[Source information — start]

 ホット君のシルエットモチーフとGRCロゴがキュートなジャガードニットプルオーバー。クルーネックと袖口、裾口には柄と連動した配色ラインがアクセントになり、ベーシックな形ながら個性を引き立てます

[Source information — finish]
[Source information — start]

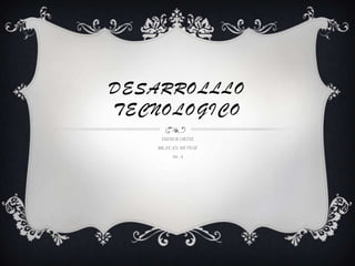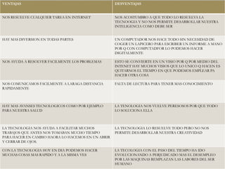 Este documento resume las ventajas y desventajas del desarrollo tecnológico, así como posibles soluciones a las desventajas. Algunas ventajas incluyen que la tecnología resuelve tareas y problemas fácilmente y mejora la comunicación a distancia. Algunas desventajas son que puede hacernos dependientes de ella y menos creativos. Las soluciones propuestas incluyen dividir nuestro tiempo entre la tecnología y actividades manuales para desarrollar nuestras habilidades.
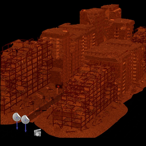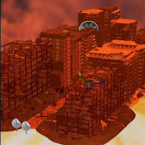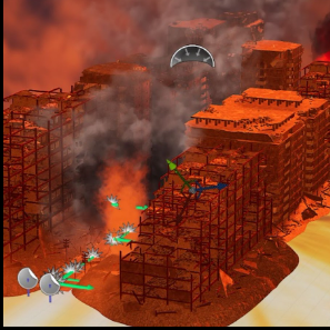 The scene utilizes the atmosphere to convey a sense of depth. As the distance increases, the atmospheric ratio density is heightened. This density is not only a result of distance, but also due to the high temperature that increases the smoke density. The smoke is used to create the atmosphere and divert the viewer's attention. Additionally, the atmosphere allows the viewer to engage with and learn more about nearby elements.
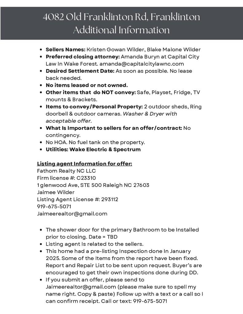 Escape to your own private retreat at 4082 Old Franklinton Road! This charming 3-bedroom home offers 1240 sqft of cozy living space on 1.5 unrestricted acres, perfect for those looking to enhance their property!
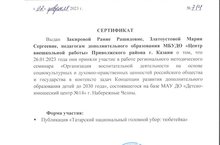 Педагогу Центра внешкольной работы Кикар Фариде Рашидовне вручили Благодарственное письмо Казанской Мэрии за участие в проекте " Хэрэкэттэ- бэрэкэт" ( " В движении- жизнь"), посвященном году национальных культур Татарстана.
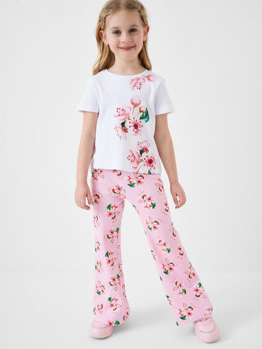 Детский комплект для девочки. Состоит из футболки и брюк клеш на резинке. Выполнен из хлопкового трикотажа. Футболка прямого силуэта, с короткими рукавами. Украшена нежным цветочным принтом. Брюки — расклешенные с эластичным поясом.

[Source information — finish]

• What you need to do:
With the pictures omitted, copy exactly the lines of the listing above starting at the line containing "Педагогу Центра внешкольной" and ending at the line containing "Детский комплект для", both included.

• Response to the task:
 Педагогу Центра внешкольной работы Кикар Фариде Рашидовне вручили Благодарственное письмо Казанской Мэрии за участие в проекте " Хэрэкэттэ- бэрэкэт" ( " В движении- жизнь"), посвященном году национальных культур Татарстана.
 Детский комплект для девочки. Состоит из футболки и брюк клеш на резинке. Выполнен из хлопкового трикотажа. Футболка прямого силуэта, с короткими рукавами. Украшена нежным цветочным принтом. Брюки — расклешенные с эластичным поясом.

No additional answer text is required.